Open sgsdxzy opened 2 months ago
Are the quants limited to 4bit only? Do they get smaller compared to quantizing the regular model? I know the paper said they lose some PPL. This might be helpful for all the huge models released now if so.
No you can use any quant (AutoGPTQ, AutoAWQ, exl2) with any bpw for weights, after the rotation the models weights still keep their original shape but should be smoother with less outliers. The problem is that the ppl doesn't seem to improve for exl2 quants. It does improve a bit for AutoGPTQ.
QuaRot of weights does not consistently improve ppl for exl2 quants. QuaRot of kv cache improves ppl for fp8/q4 kv cache.
Funnily enough I was just working on that. Fused it into the realtime quantization kernels though.

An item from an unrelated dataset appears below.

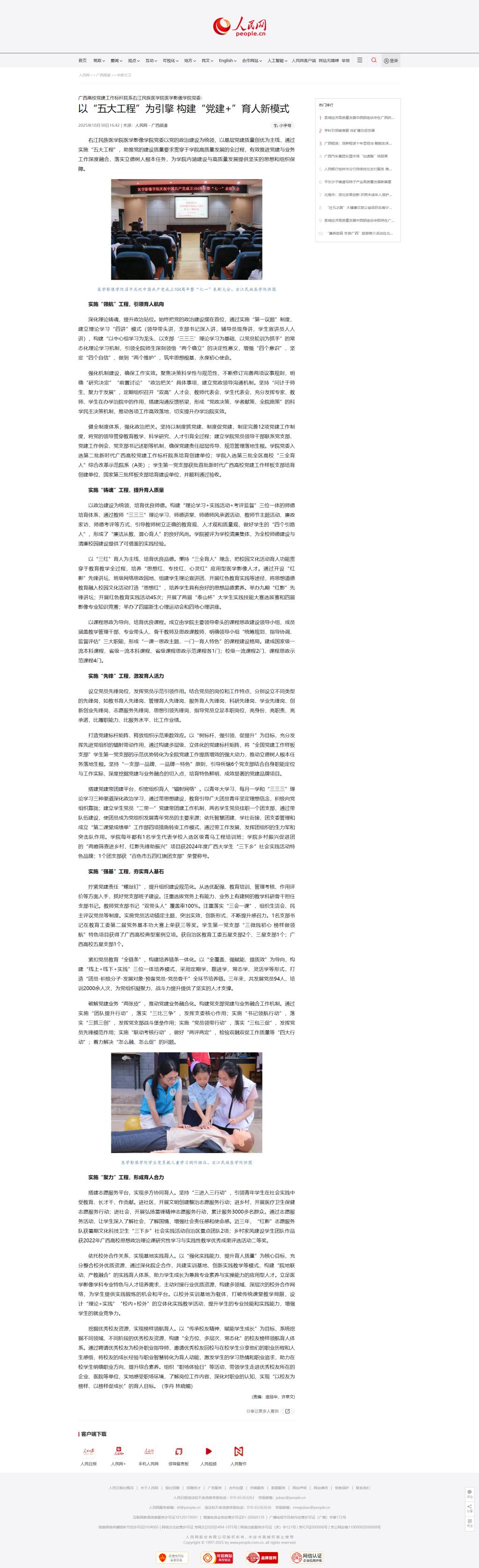 【媒体看右医】人民网:广西高校党建工作标杆院系Beat365官方网站医学影像学院党委:以“五大工程”为引擎 构建“党建+”育人新模式

How to enable QuaRot for weight quantization:
pip install git+https://github.com/sgsdxzy/AutoQuarot.git
model = transformers.AutoModelForCausalLM.from_pretrained(model_path, torch_dtype=torch.float16) qrmodel = auto_quarot.AutoQuarotForForCausalLM.from_transformers(model) qrmodel.fuse_layer_norms() qrmodel.rotate_model("hadamard", device=0) qrmodel.model.save_pretrained(rotated_model_path)